In a similar way, in this section, we will look at how to do the following:
- Create an empty list.
- Put objects into the list.
- Look at the number (and names) of objects in the list.
- Extract elements from the list.
Creating an Empty List
You create a list using the list function. The simplest list you can create is an empty list, like this:
> emptyList <- list() > emptyList list()
Later, you will see how to add elements to this empty list.
Creating a Non-Empty List
More commonly, you’ll create a list and add initial elements to it at the same time. You achieve this by specifying a comma-separated set of objects within the list function:
> aVector <- c(5, 7, 8, 2, 4, 3, 9, 0, 1, 2) > aMatrix <- matrix( LETTERS[1:6], nrow = 3) > unnamedList <- list(aVector, aMatrix) > unnamedList [[1]] [1] 5 7 8 2 4 3 9 0 1 2 [[2]] [,1] [,2] [1,] "A" "D" [2,] "B" "E" [3,] "C" "F"

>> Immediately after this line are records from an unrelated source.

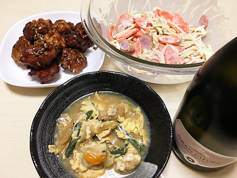 本日のメニューは、上段左から鶏から揚げのテンメンジャン和え、パスタサラダ、下段がガンモとインゲンの玉子とじ、です。
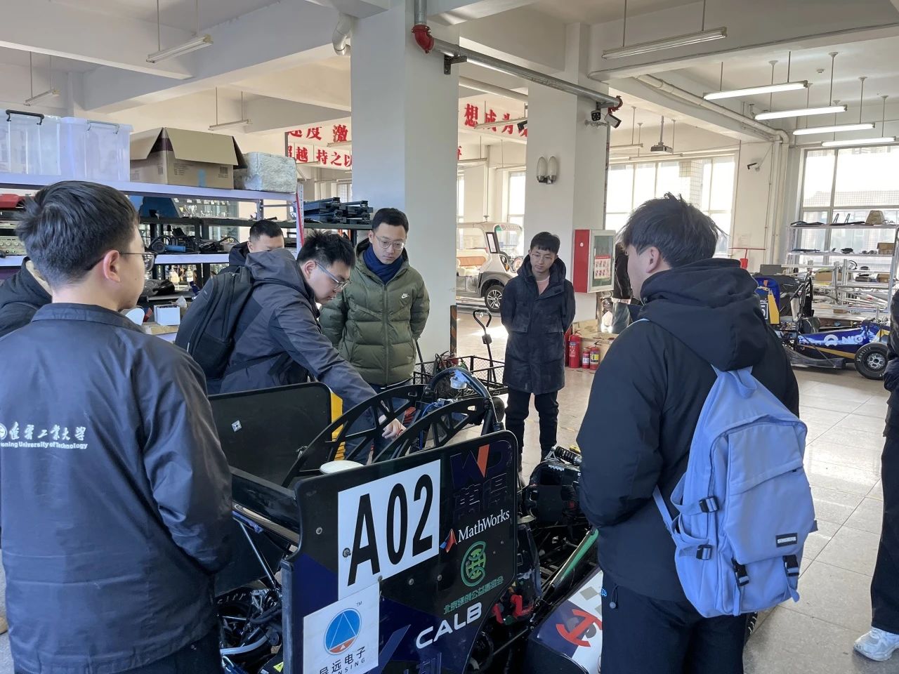 电子科技大学Fury车队队员在万得车队队员的陪同下在大学生科技创新实验室参观。围绕23赛季A02赛车,我们互相交流参赛心得,展开更深层次、更为具体的探讨。
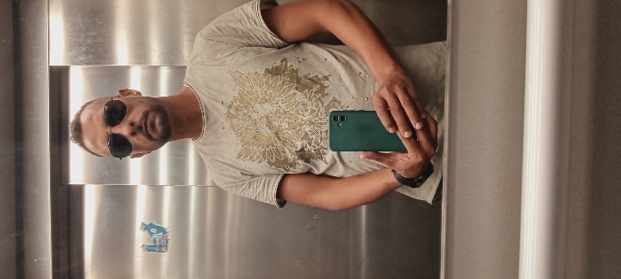 - "A male subject is depicted in a selfie taken inside an elevator, identifiable as Meknes, Morocco, by a blue sticker on the left reflective wall portraying the city's Bab Mansour gate with the number '8'" by FM-MM3Sy2, licensed under CC BY 4.0

In this example, we created two objects (aVector and aMatrix) and then created a list (unnamedList) containing copies of these objects.

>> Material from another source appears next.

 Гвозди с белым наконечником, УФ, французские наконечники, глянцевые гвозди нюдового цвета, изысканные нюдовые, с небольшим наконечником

If you only need the objects within the list, you could create the objects as you specify the list, like this:
> unnamedList <- list(c(5, 7, 8, 2, 4, 3, 9, 0, 1, 2), + matrix( LETTERS[1:6], nrow = 3)) > unnamedList [[1]] [1] 5 7 8 2 4 3 9 0 1 2 [[2]] [,1] [,2] [1,] "A" "D" [2,] "B" "E" [3,] "C" "F"
Creating a List with Element Names
When you create a list, you can optionally assign names to the elements. This helps you when you’re referencing elements in the list later.

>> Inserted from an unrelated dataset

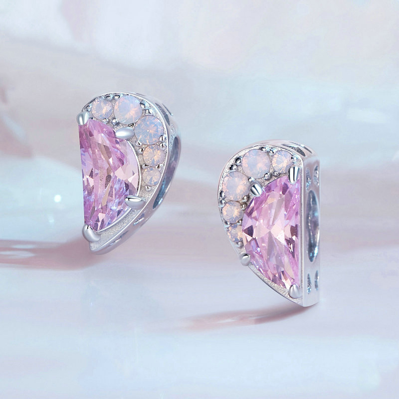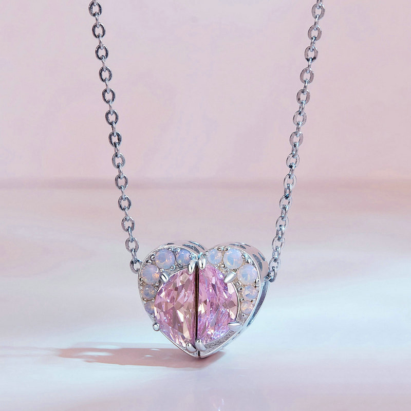Dreamy Pink Sisters Jewelry Beaded 925 Sterling Silver Detachable DIY Heart Shaped Charm Bracelet Necklace Making Accessories
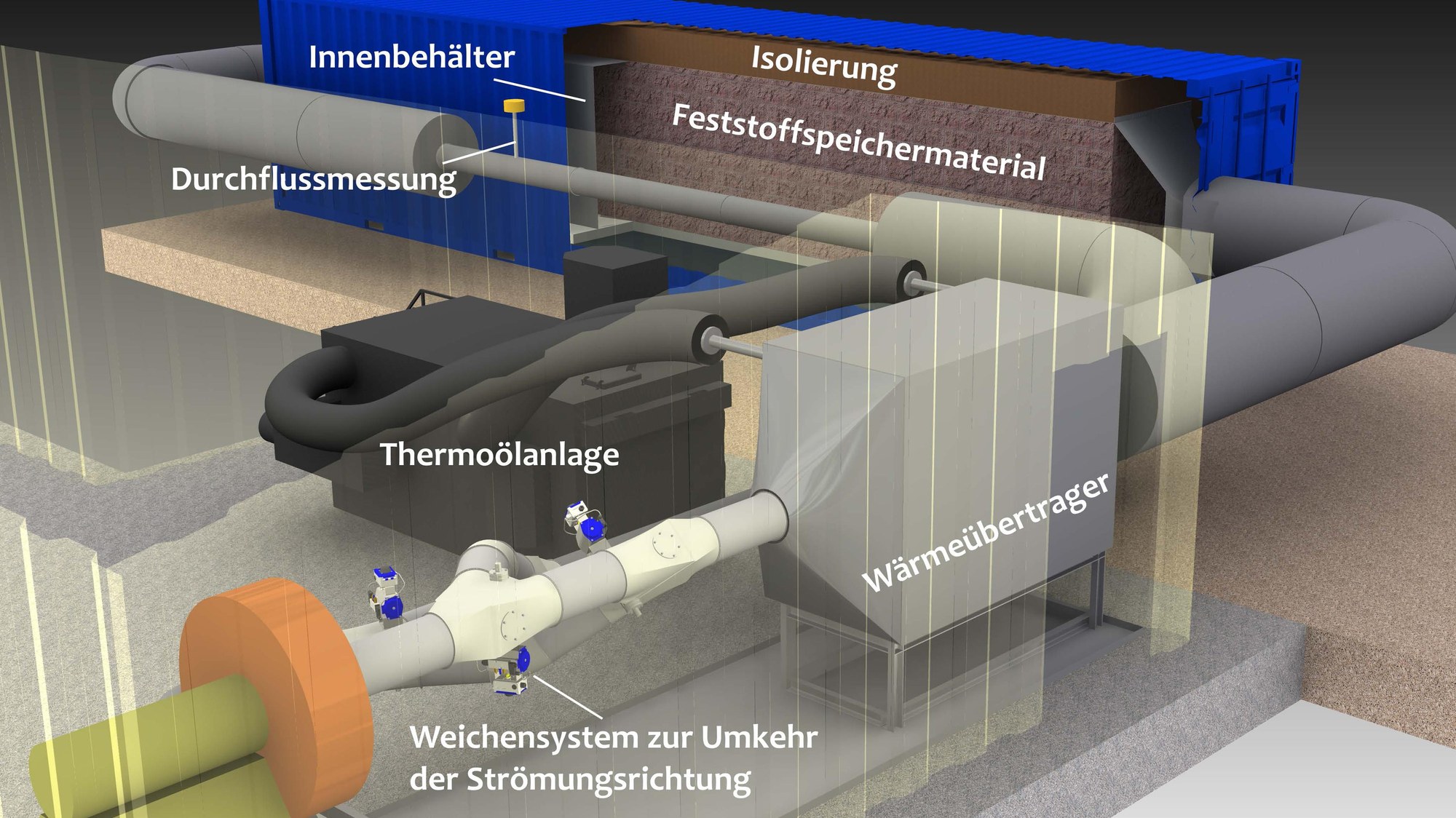 Innerhalb der Module wird die Prozesswärme zunächst mittels eines Wärmeübertragers an ein Zwischenmedium abgegeben – zum Beispiel Luft, Wasser oder Kohlenstoffdioxid. Dieses Zwischenmedium wird dann in einem geschlossenen Kreislauf durch einen Ventilator umgewälzt, strömt (flux) dann durch das feste Speichermaterial und gibt die Wärme weiter.

> namedList <- list(VEC = aVector, MAT = aMatrix) > namedList $VEC [1] 5 7 8 2 4 3 9 0 1 2 $MAT [,1] [,2] [1,] "A" "D" [2,] "B" "E" [3,] "C" "F"
As before, you can also create the (named) objects as you’re creating the list:
> namedList <- list(VEC = c(5, 7, 8, 2, 4, 3, 9, 0, 1, 2), + MAT = matrix( LETTERS[1:6], nrow = 3)) > namedList $VEC [1] 5 7 8 2 4 3 9 0 1 2 $MAT [,1] [,2] [1,] "A" "D" [2,] "B" "E" [3,] "C" "F"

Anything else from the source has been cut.